Źródeł obserwowanych dziś zmian na EUR/USD i USD/CHF jest co najmniej kilka. Sentyment do obu europejskich walut niewątpliwie pogorszyły dzisiejsze doniesienia o odpisach z tytułu strat poniesionych na instrumentach bazujących na kredytach hipotecznych przez szwajcarski bank UBS i niemiecki Deutsche Bank. To przypomniało bowiem, że kryzys kredytowy dotyczy nie tylko amerykańskich banków.
Sentymentu do wspólnej waluty nie poprawiły również opublikowane rano dane o sprzedaży detalicznej w Niemczech. W lutym sprzedaż niespodziewanie spadła o 1,6 proc. w relacji miesiąc do miesiąca i o 0,3 proc. rok do roku, wobec skorygowanego wzrostu o odpowiednio 0,9 proc. i 0,3 proc. miesiąc wcześniej. Rynek natomiast prognozował wzrost dynamiki sprzedaży o 0,5 proc. w relacji miesięcznej i 0,7 proc. w relacji rocznej
Spadek EUR/USD i wzrost USD/CHF ma również podłoże techniczne. Poniedziałkowy nieudany atak euro na rekord wszech czasów na poziomie 1,5901 oraz obrona przez USD/CHF wsparcia na 0,9888 (dołek z 26 marca br. na wykresie 60-min) i zwrot powyżej wsparcia na 0,9859 (dołek z 17 marca br. na wykresie dziennym), w sposób naturalny prowadzi do realizacji zysków.
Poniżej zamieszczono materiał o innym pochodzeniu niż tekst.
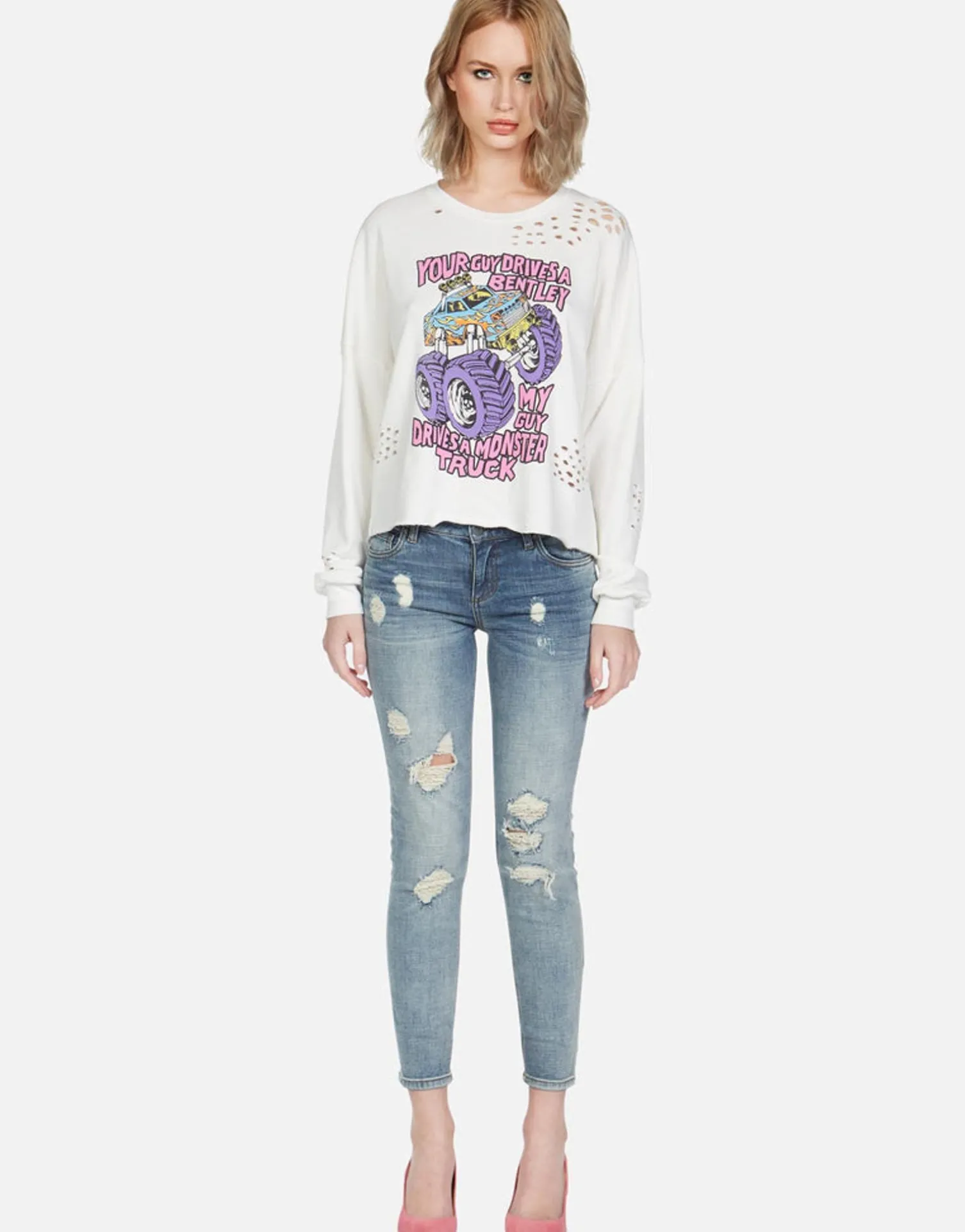 Monster Truck Printed On Ultra Soft Lightweight Pullover In Milk By Lauren Moshi.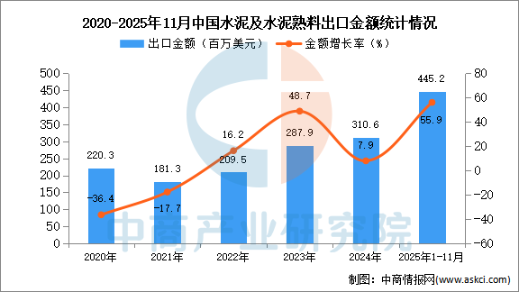 2025年11月中国水泥及水泥熟料出口量及金额增长情况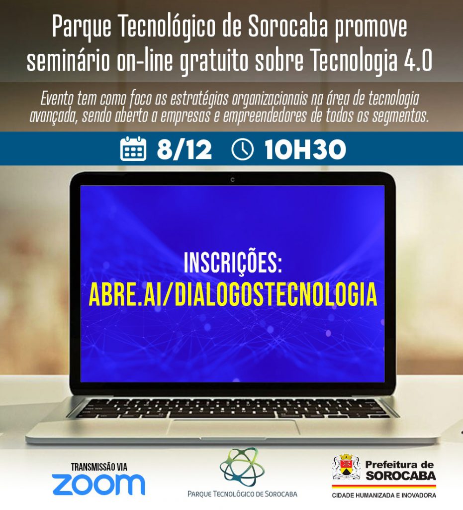 A Prefeitura de Sorocaba, por meio do Parque Tecnológico (PTS), realizará, nesta quinta-feira (8), a partir das 10h30, o seminário on-line gratuito “Diálogos da Tecnologia 4.0: Estratégia Organizacional”. O objetivo é reunir especialistas e empresários para uma discussão sobre estratégias de implantação de Tecnologias 4.0, incluindo a proposição de metas, formas de superação de desafios e aumento da competitividade.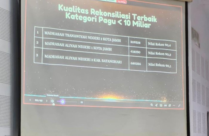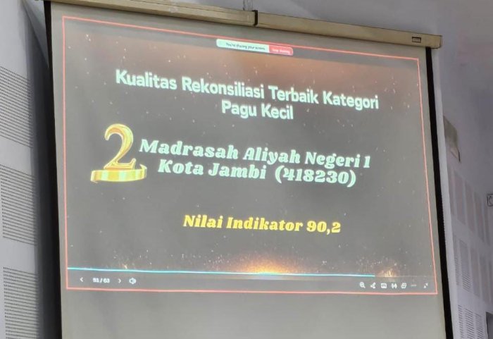 Kota Jambi (Humas) - MAN 1 Kota Jambi kembali menorehkan prestasi membanggakan, kali ini bukan dari bidang akademik, melainkan dari aspek tata kelola administrasi keuangan. Madrasah ini berhasil meraih Peringkat Kedua Kategori Kualitas Rekonsiliasi Terbaik untuk satuan kerja pagu kecil dalam evaluasi yang digelar oleh KPPN Jambi, Rabu (18/02).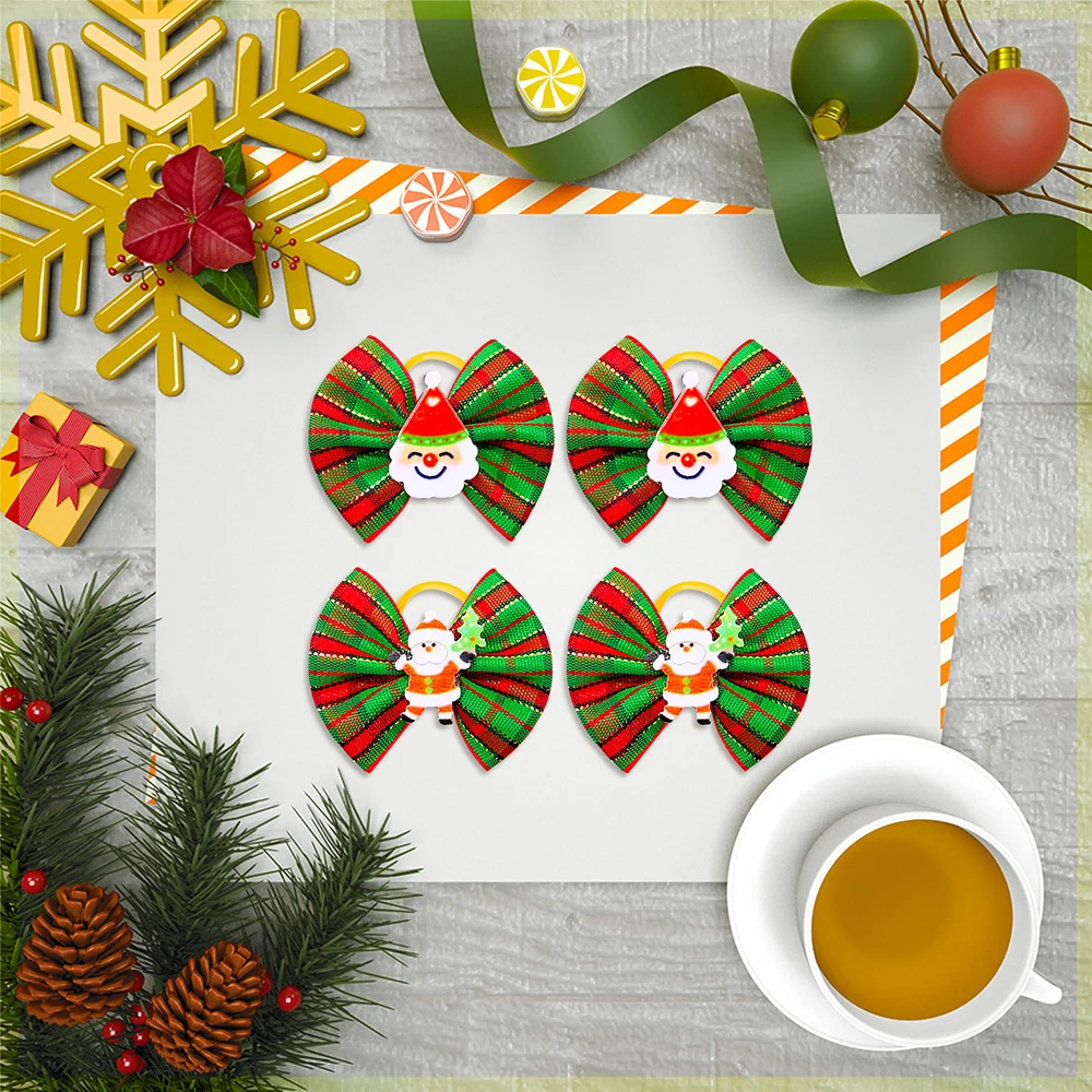 10/20PCS Dog Hair Bows Pet Bows Christmas Grooming Plaid Dogs Bowkont with Rubber Band for Small Dogs Party Hoilday Pet Supplies

Poranna poprawa sentymentu do dolara może zaważyć na przebiegu wtorkowych notowań. Nie można wykluczać, że dalsze umocnienie amerykańskiej waluty do euro i szwajcarskiego franka będzie napędzane oczekiwaniem na popołudniową publikację indeksu ISM. W marcu oczekiwany jest spadek tego do indeksu do 48,2 pkt. z 48,3 pkt. miesiąc wcześniej. Jednak wczorajsza publikacja indeksu Chicago PMI, który zaskoczył wzrostem, może dawać nadzieję na lepszy odczyt ISM, co ma szanse przełożyć się na dalsze umocnienie dolara.